History

Nazi Germany
- Name: U-1063
- Ordered: 14 October 1941
- Builder: Germaniawerft, Kiel
- Yard number: 700
- Laid down: 17 August 1943
- Launched: 8 June 1944
- Commissioned: 8 July 1944
- Fate: Sunk on 15 April 1945

General characteristics
- Class & type: Type VIIC/41 submarine
- Displacement: 759 tonnes (747 long tons) surfaced; 860 t (846 long tons) submerged;
- Length: 67.10 m (220 ft 2 in) o/a; 50.50 m (165 ft 8 in) pressure hull;
- Beam: 6.20 m (20 ft 4 in) o/a; 4.70 m (15 ft 5 in) pressure hull;
- Height: 9.60 m (31 ft 6 in)
- Draught: 4.74 m (15 ft 7 in)
- Installed power: 2,800–3,200 PS (2,100–2,400 kW; 2,800–3,200 bhp) (diesels); 750 PS (550 kW; 740 shp) (electric);
- Propulsion: 2 shafts; 2 × diesel engines; 2 × electric motors;
- Speed: 17.7 knots (32.8 km/h; 20.4 mph) surfaced; 7.6 knots (14.1 km/h; 8.7 mph) submerged;
- Range: 8,500 nmi (15,700 km; 9,800 mi) at 10 knots (19 km/h; 12 mph) surfaced; 80 nmi (150 km; 92 mi) at 4 knots (7.4 km/h; 4.6 mph) submerged;
- Test depth: 230 m (750 ft); Calculated crush depth: 250–295 m (820–968 ft);
- Complement: 4 officers, 40–56 enlisted
- Armament: 5 × 53.3 cm (21 in) torpedo tubes (4 bow, 1 stern); 14 × torpedoes; 1 × 8.8 cm (3.46 in) deck gun (220 rounds); 1 × 3.7 cm (1.5 in) Flak M42 AA gun; 2 × 2 cm (0.79 in) C/30 AA guns;

Service record
- Part of: 5th U-boat Flotilla; 8 July 1944 – 28 February 1945; 11th U-boat Flotilla; 1 March – 15 April 1945;
- Identification codes: M 40 438
- Commanders: Kptlt.
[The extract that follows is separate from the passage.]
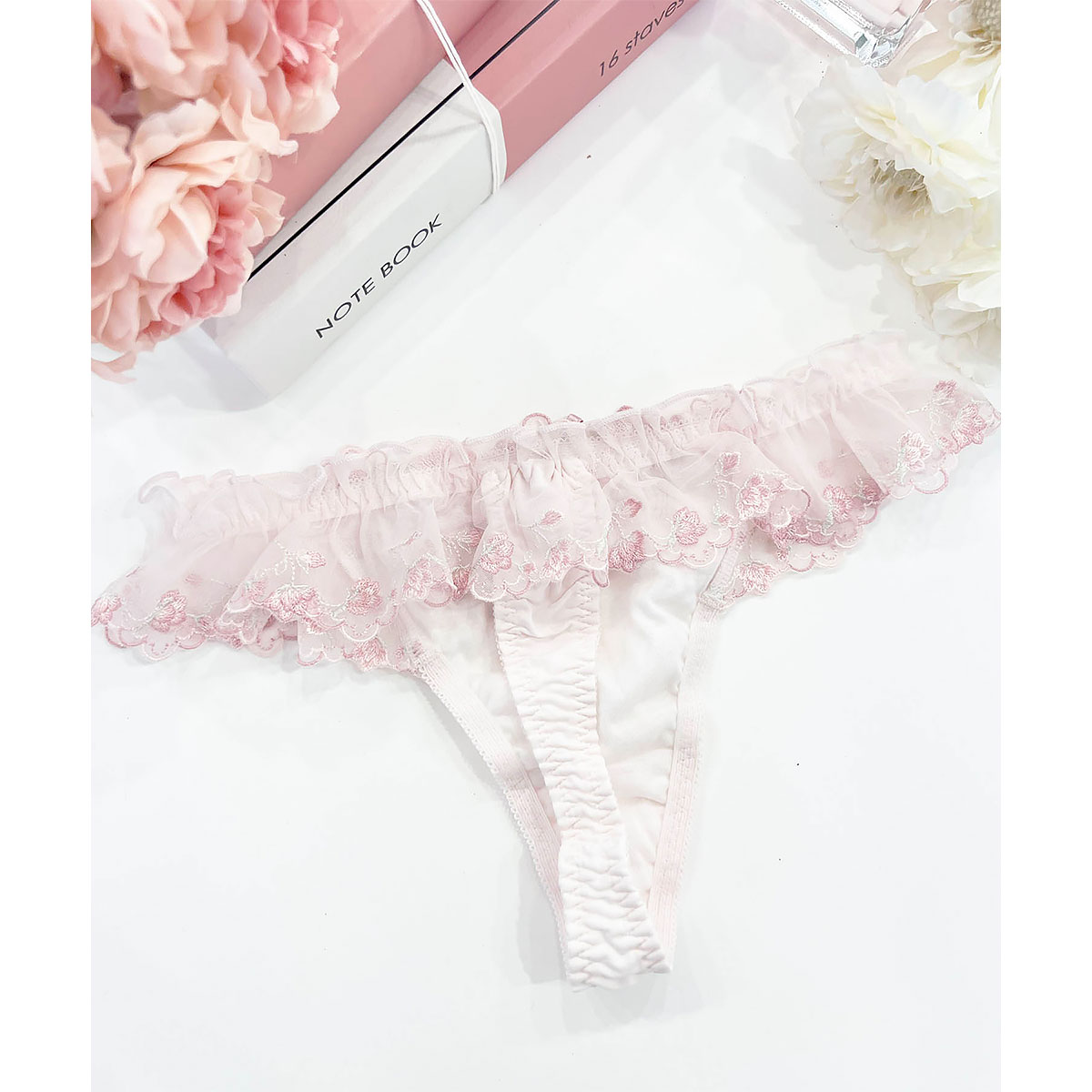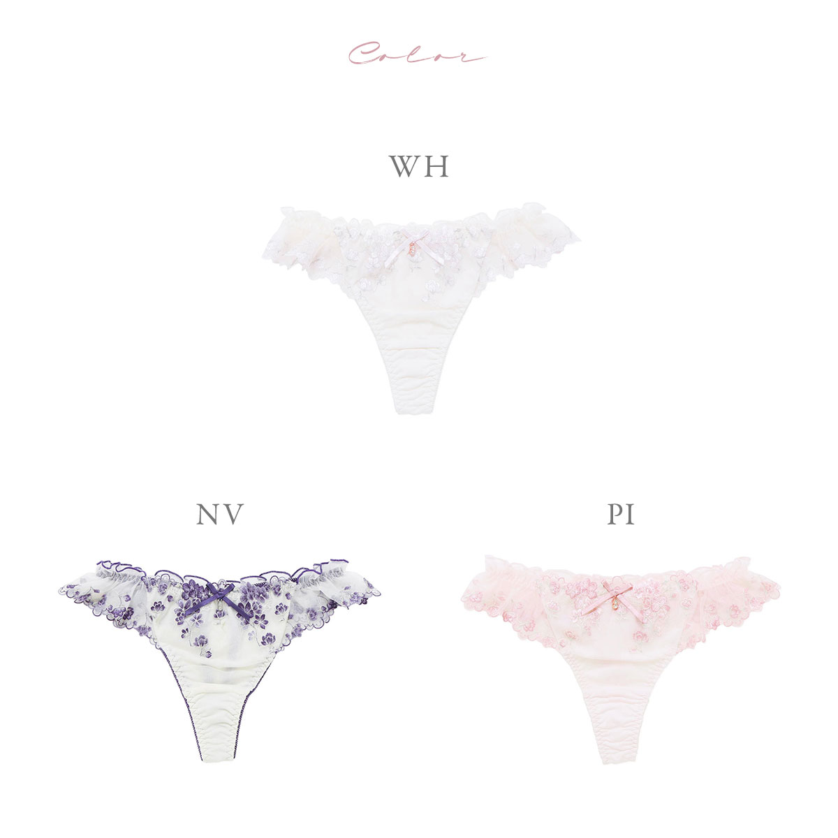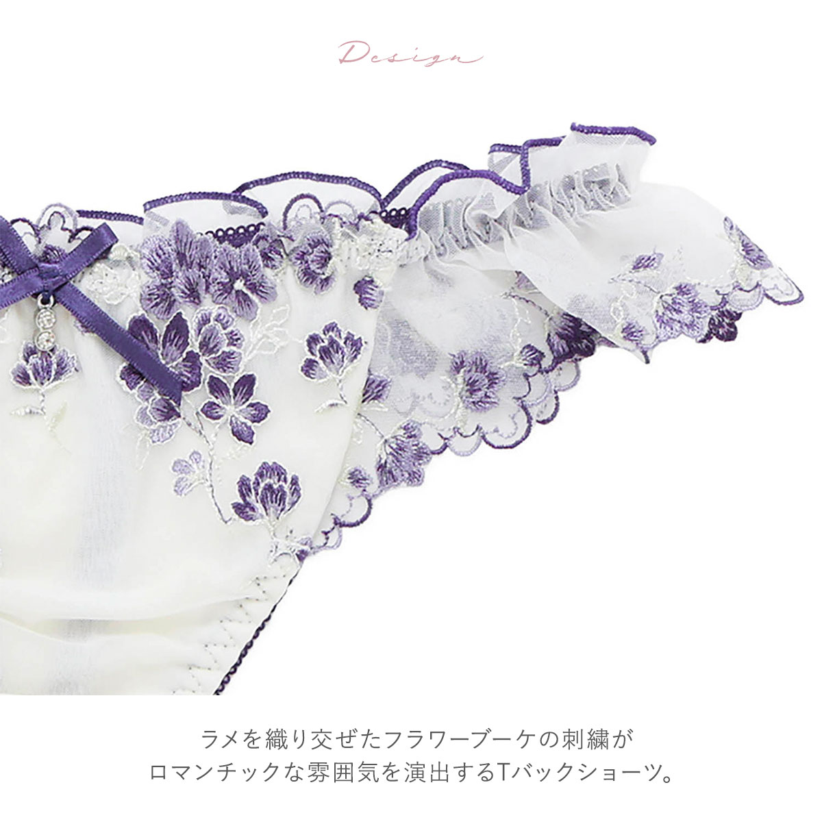 ラメを織り交ぜたフラワーブーケの刺繍がロマンチックな雰囲気を演出するTバックショーツ。サイドからバックにセット柄レースのフリルをあしらい、ふんわり可憐なシルエットに。
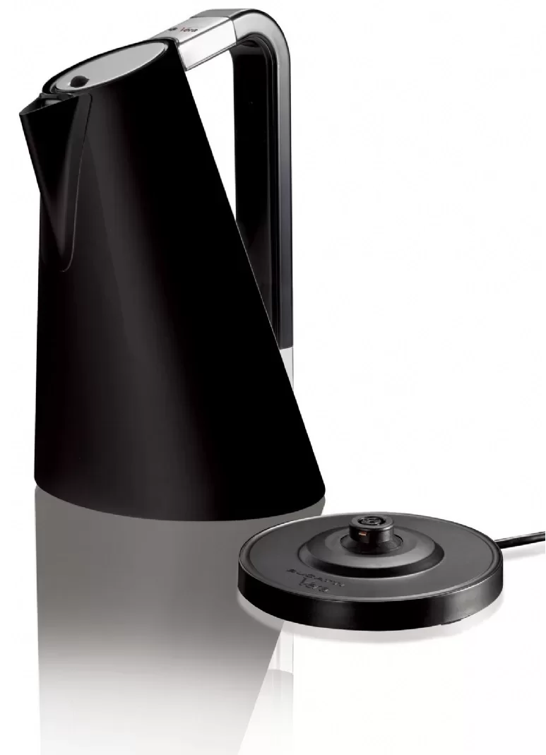 Электрический чайник от Bugatti в элегантном черном цвете. Модель с удобной подставкой с центральным контактом — вы можете поворачивать чайник на 360 градусов и ставить на базу из любого положения.

Karl-Heinz Stephan; 8 July 1944 – 15 April 1945;
- Operations: 1 patrol:; 11 March – 15 April 1945;
- Victories: None

= German submarine U-1063 =

German World War II submarine

German submarine U-1063 was a Type VIIC/41 submarine of Nazi Germany's Kriegsmarine during World War II. Her keel was laid down on 17 August 1943 by Germaniawerft in Kiel. She was commissioned on 8 July 1944 with Kapitänleutnant Karl-Heinz Stephan in command.

==Design==
German Type VIIC/41 submarines were preceded by the heavier Type VIIC submarines. U-1063 had a displacement of 759 t when at the surface and 860 t while submerged. She had a total length of 67.10 m, a pressure hull length of 50.50 m, a beam of 6.20 m, a height of 9.60 m, and a draught of 4.74 m. The submarine was powered by two Germaniawerft F46 four-stroke, six-cylinder supercharged diesel engines producing a total of 2800 to 3200 PS for use while surfaced, two AEG GU 460/8–27 double-acting electric motors producing a total of 750 PS for use while submerged. She had two shafts and two 1.23 m propellers. The boat was capable of operating at depths of up to 230 m.

The submarine had a maximum surface speed of 17.7 kn and a maximum submerged speed of 7.6 kn. When submerged, the boat could operate for 80 nmi at 4 kn; when surfaced, she could travel 8500 nmi at 10 kn. U-1063 was fitted with five 53.3 cm torpedo tubes (four fitted at the bow and one at the stern), fourteen torpedoes, one 8.8 cm SK C/35 naval gun, (220 rounds), one 3.7 cm Flak M42 and two 2 cm C/30 anti-aircraft guns. The boat had a complement of between forty-four and sixty.

==Service history==
On her first patrol U-1063 was sunk on 15 April 1945 in the English Channel east of Land's End, south of Bigbury, Devon, in position , by squid depth charges from the British frigate . 29 of the crew were killed, there were 17 survivors. She lies at a depth of 58 m.